### GIVEN MATERIAL
• • • • • • •
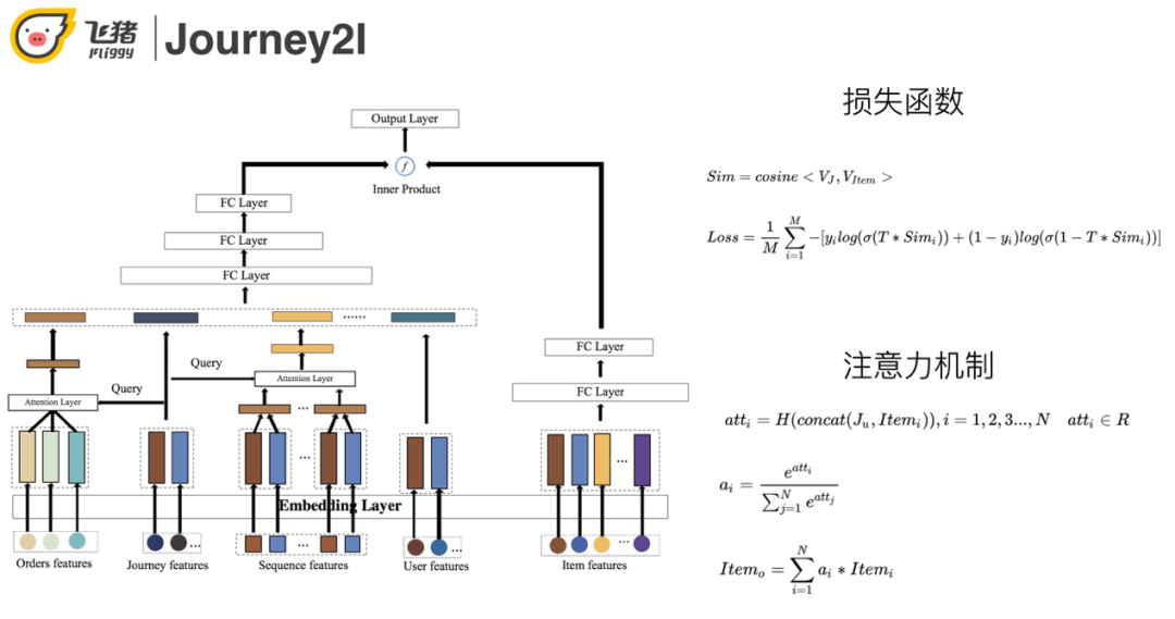 模型左边主要是利用行程特征对订单序列以及用户的历史行为序列进行attention操作,用于识别关键订单以及用户关键行为。在此基础上融合行程特征和用户属性特征学习用户该段行程的Embed。模型右边是商品特征,经过多层MLP之后学习到的宝贝Embed。两边做内积运算,利用交叉熵损失进行优化,这样保证召回的结果不仅与行程相关还与用户行为相关。
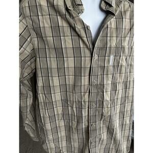 Columbia plaid shirt. tan cotton shirt. Columbia men's sportswear. men's plaid button-down. long sleeve casual shirt. medium plaid shirt.
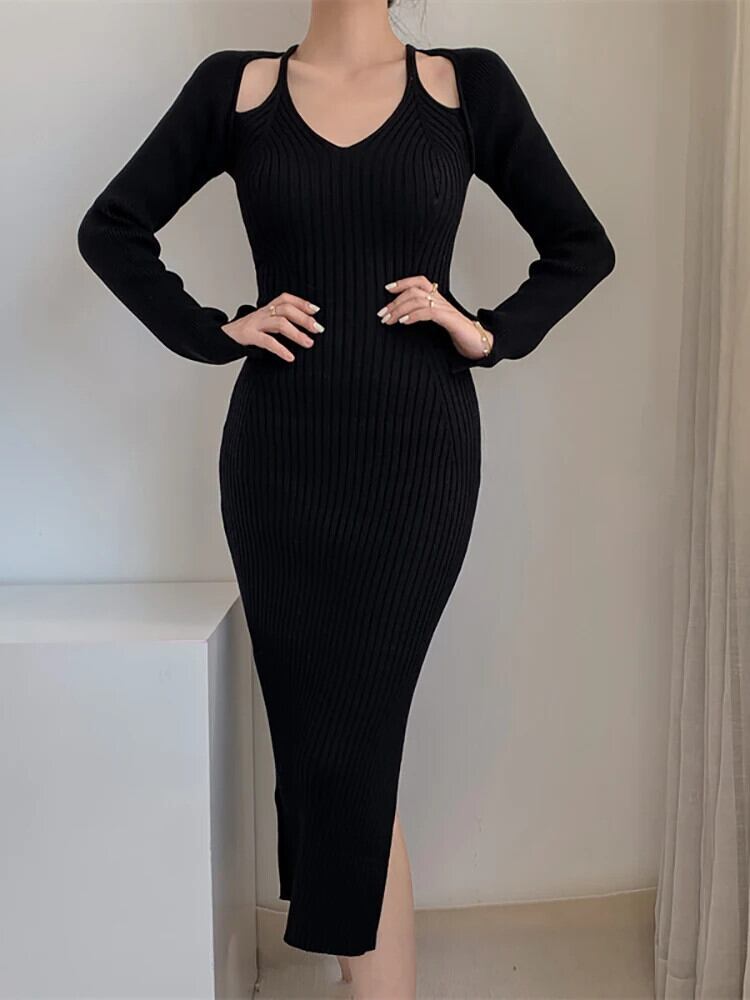 送料無料 アパレル EVNISI Frauen Solide Strick Zwei-stück セット Kurze プルオーバー Schal Und Dünne Lange Hosenträger Kleid Set Bodycon Split Stricken kleider ソリッドカラー AE12125556697522186919 | mihatudai(みはつばい)ネットショッピングならmihatudai
• • • • • • •
### WHAT THE EXERCISE ASKS
With the pictures left out, transcribe the material exactly.

### PROBLEM SOLUTION
 模型左边主要是利用行程特征对订单序列以及用户的历史行为序列进行attention操作,用于识别关键订单以及用户关键行为。在此基础上融合行程特征和用户属性特征学习用户该段行程的Embed。模型右边是商品特征,经过多层MLP之后学习到的宝贝Embed。两边做内积运算,利用交叉熵损失进行优化,这样保证召回的结果不仅与行程相关还与用户行为相关。
 Columbia plaid shirt. tan cotton shirt. Columbia men's sportswear. men's plaid button-down. long sleeve casual shirt. medium plaid shirt.
 送料無料 アパレル EVNISI Frauen Solide Strick Zwei-stück セット Kurze プルオーバー Schal Und Dünne Lange Hosenträger Kleid Set Bodycon Split Stricken kleider ソリッドカラー AE12125556697522186919 | mihatudai(みはつばい)ネットショッピングならmihatudai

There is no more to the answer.